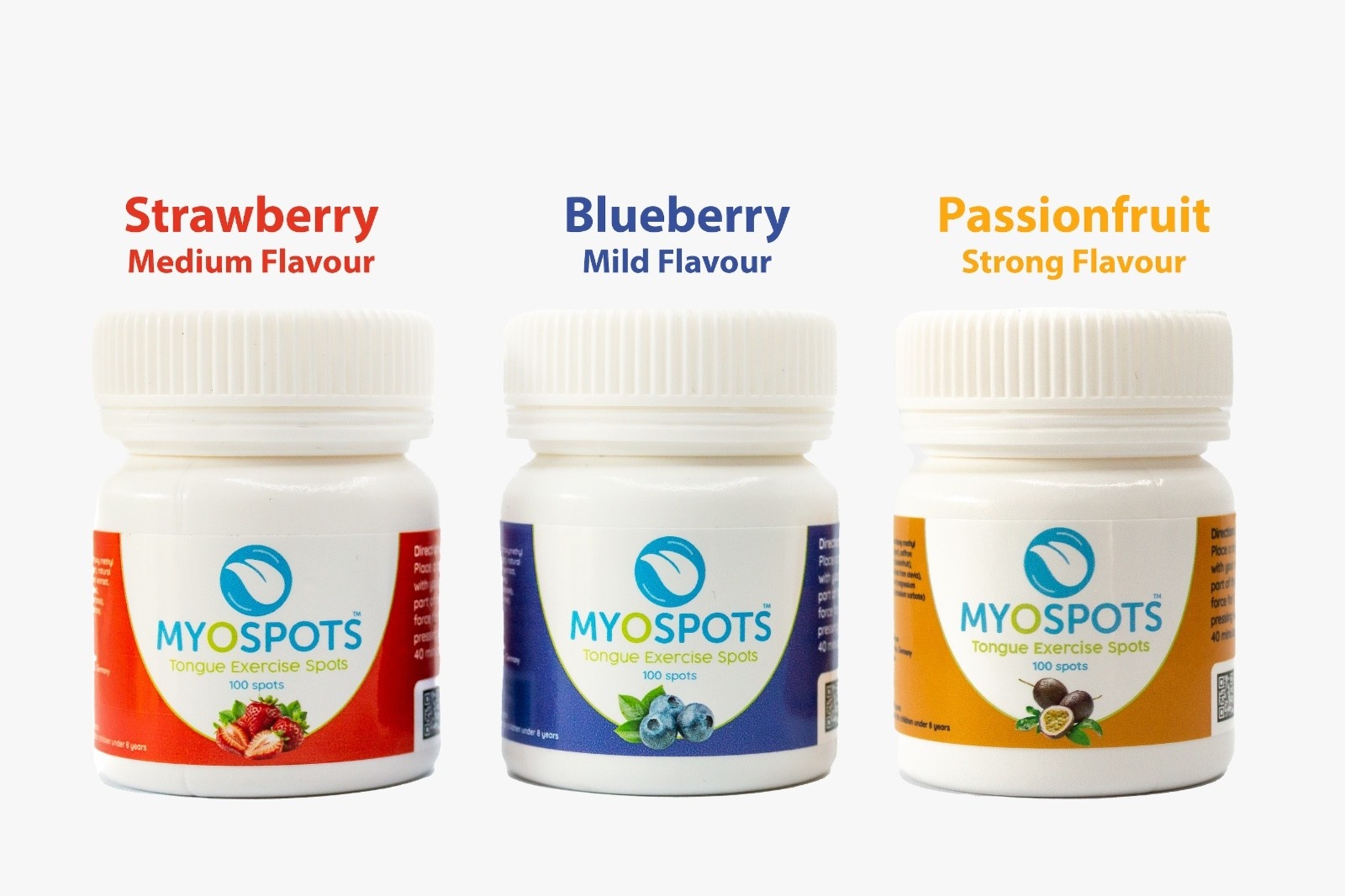 Myospots zijn een effectief hulpmiddel om de juiste tongpositie aan te leren, verkrijgbaar in 3 smaken en verpakt per 100 stuks
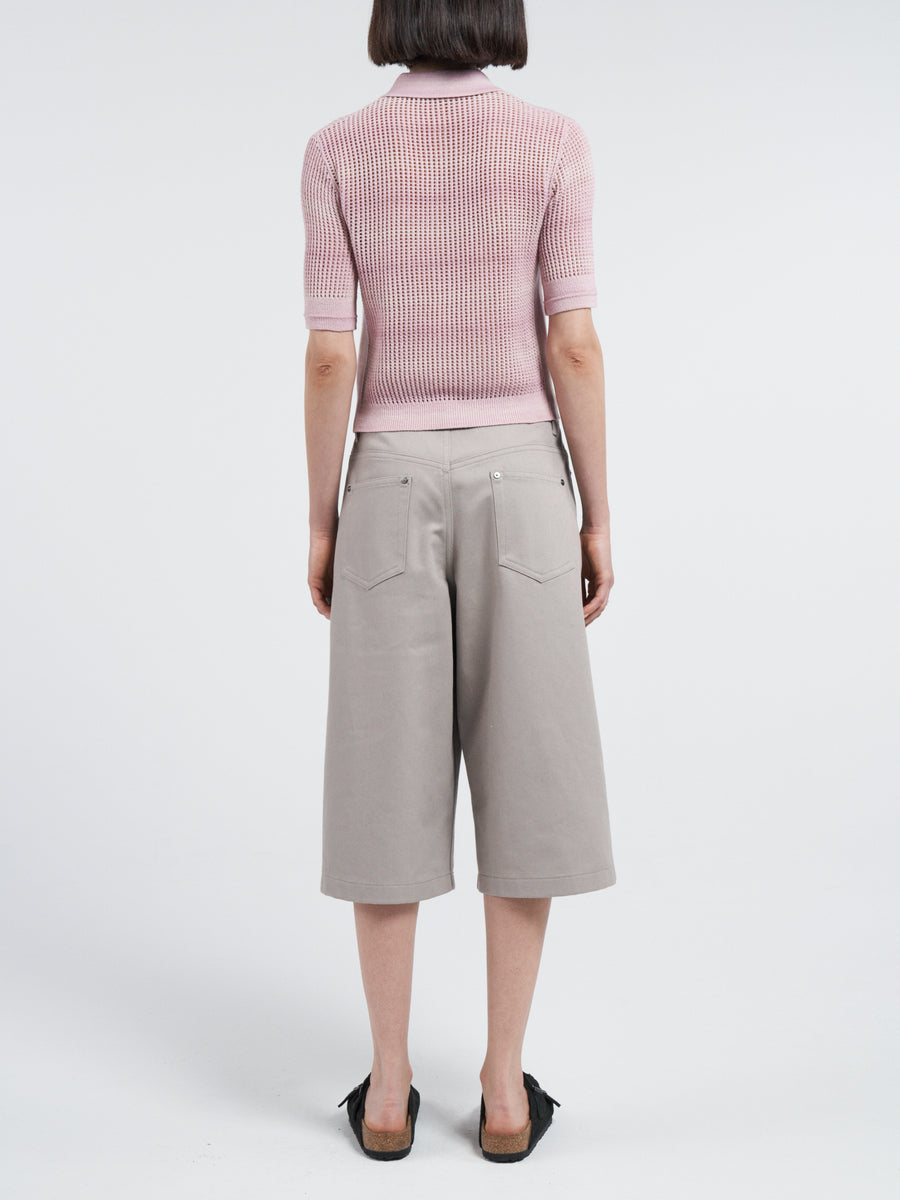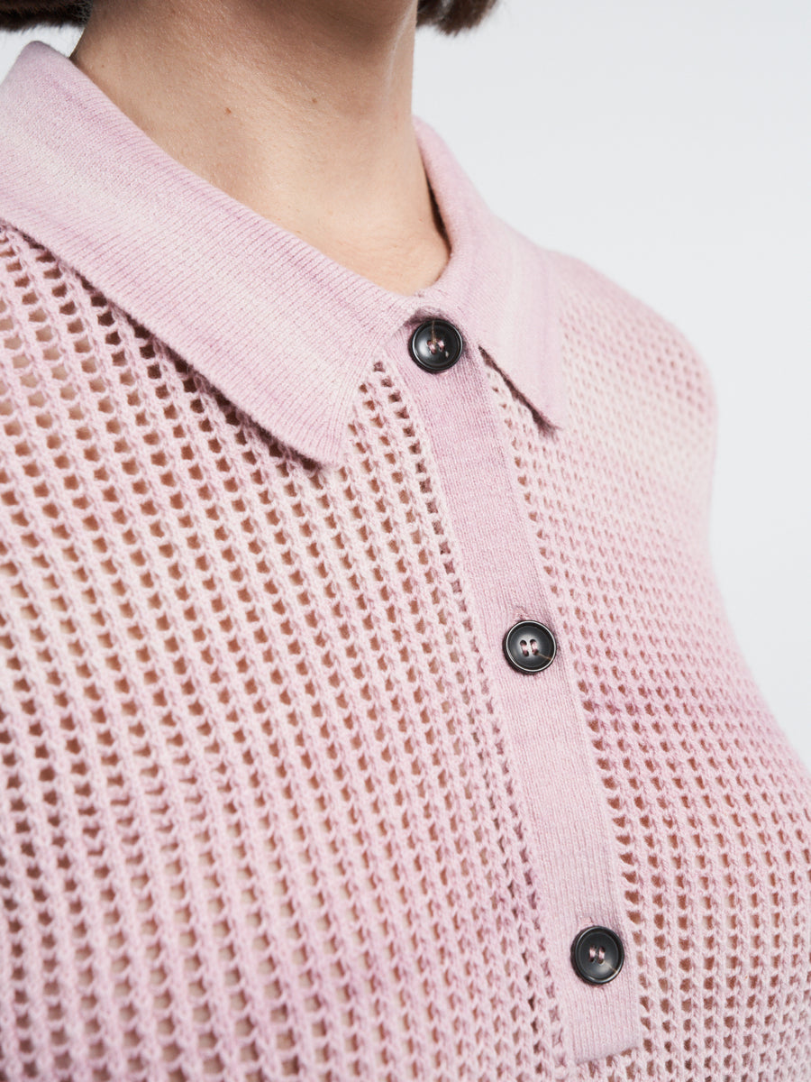 Crafted from our signature recycled 50/50 organic cashmere-cotton blend, this polo features a special degrade-dyed yarn that creates a tonal color variant through the mesh knit, resulting in a unique 'smudged' stripe effect. The design includes a buttonless polo neckline with a shirting collar, elbow-length sleeves, and a fitted silhouette that finishes at the waist.
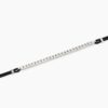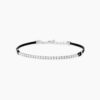 Bracciale regolabile in argento rodiato con cordino in nylon nero e tennis di zirconi bianchi.
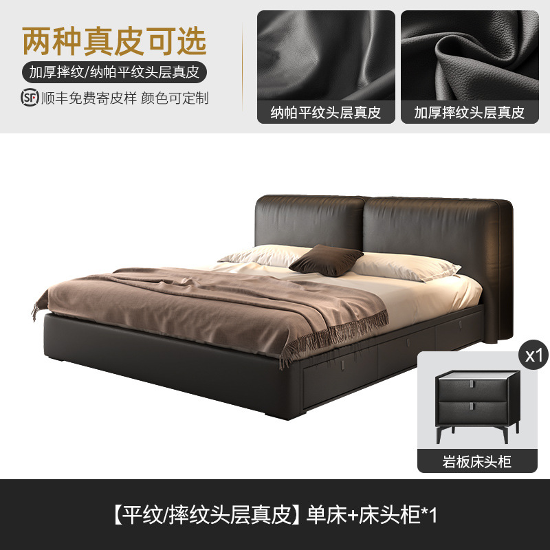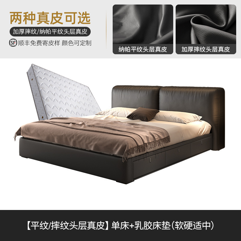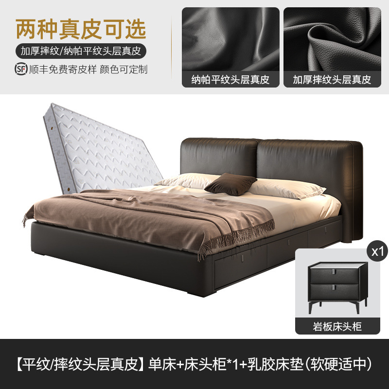 • [일반/플랫 패턴 1층 천연가죽] 싱글 침대 + 침대 옆 테이블*1 + 라텍스 매트리스(소프트 및 하드)
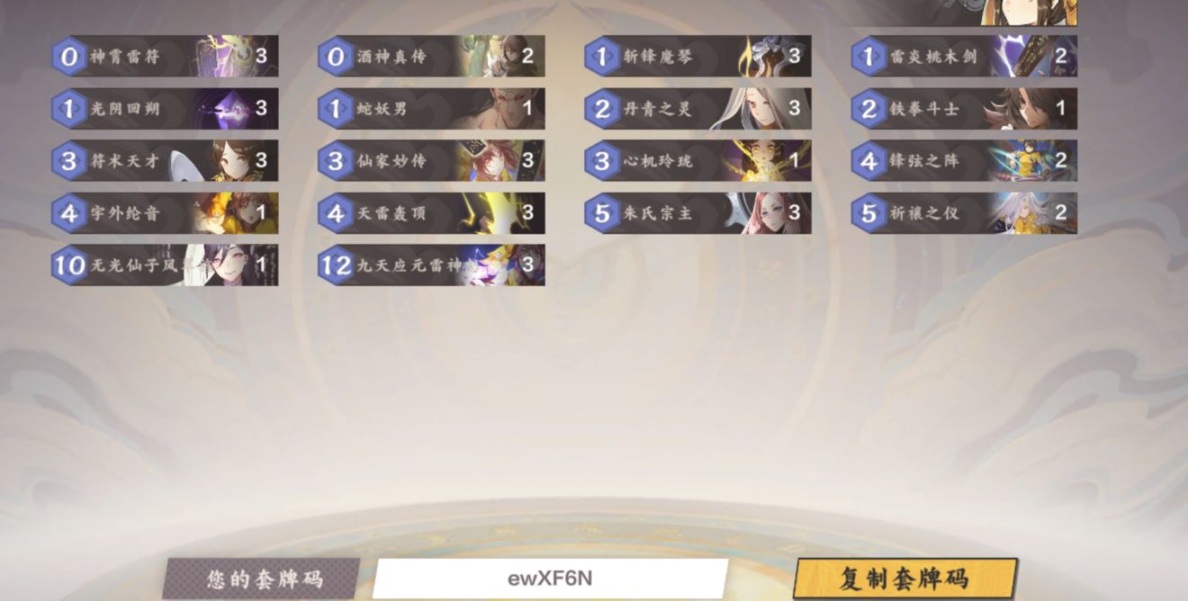 红橙2卡非必需,可替换,核心就是前3费苟,利用丹青和天才刷低费法术,然后利用朱宗主压血量最后九天加法术回收斩杀,对土木大劣,对金64开,不要让对面协战随从大量站场,跟对面换手牌就行了,对面耗不过的,打阴阳灵风都是大优,水系55开。
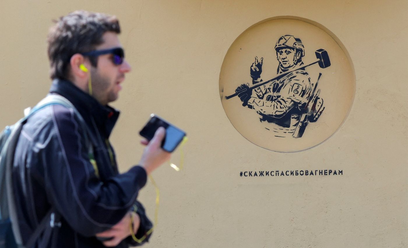 Граффити в Санкт-Петербурге, на котором изображен основатель «ЧВК Вагнер» Евгений Пригожин. Фото: Anton Vaganov / Reuters
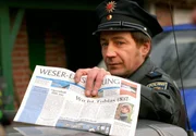 rbb Fernsehen ARD THEMENWOCHE 2012 "LEBEN MIT DEM TOD", HALTET DIE WELT AN, Deutschland 2010, Regie Hartmut Griesmayr, am Donnerstag (22.11.12) um 20:15 Uhr. Der örtliche Polizist André (Thorsten Merten) präsentiert die Titelseite über das Verschwinden des kleinen Tobias.Bild: © rbb/Degeto/Gordon A. Timpen
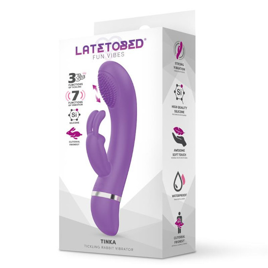 Adicione a Tinka à sua coleção, o nosso novo vibrador com função de dedos (ou cócegas) e um estimulador clitoriano em forma de coelho muito divertido.
^^^^^^^^^^^^^^^^
Each record above is to be copied out exactly; its pictures are not.

 Myospots zijn een effectief hulpmiddel om de juiste tongpositie aan te leren, verkrijgbaar in 3 smaken en verpakt per 100 stuks
 Crafted from our signature recycled 50/50 organic cashmere-cotton blend, this polo features a special degrade-dyed yarn that creates a tonal color variant through the mesh knit, resulting in a unique 'smudged' stripe effect. The design includes a buttonless polo neckline with a shirting collar, elbow-length sleeves, and a fitted silhouette that finishes at the waist.
 Bracciale regolabile in argento rodiato con cordino in nylon nero e tennis di zirconi bianchi.
 • [일반/플랫 패턴 1층 천연가죽] 싱글 침대 + 침대 옆 테이블*1 + 라텍스 매트리스(소프트 및 하드)
 红橙2卡非必需,可替换,核心就是前3费苟,利用丹青和天才刷低费法术,然后利用朱宗主压血量最后九天加法术回收斩杀,对土木大劣,对金64开,不要让对面协战随从大量站场,跟对面换手牌就行了,对面耗不过的,打阴阳灵风都是大优,水系55开。
 Граффити в Санкт-Петербурге, на котором изображен основатель «ЧВК Вагнер» Евгений Пригожин. Фото: Anton Vaganov / Reuters
 rbb Fernsehen ARD THEMENWOCHE 2012 "LEBEN MIT DEM TOD", HALTET DIE WELT AN, Deutschland 2010, Regie Hartmut Griesmayr, am Donnerstag (22.11.12) um 20:15 Uhr. Der örtliche Polizist André (Thorsten Merten) präsentiert die Titelseite über das Verschwinden des kleinen Tobias.Bild: © rbb/Degeto/Gordon A. Timpen
 Adicione a Tinka à sua coleção, o nosso novo vibrador com função de dedos (ou cócegas) e um estimulador clitoriano em forma de coelho muito divertido.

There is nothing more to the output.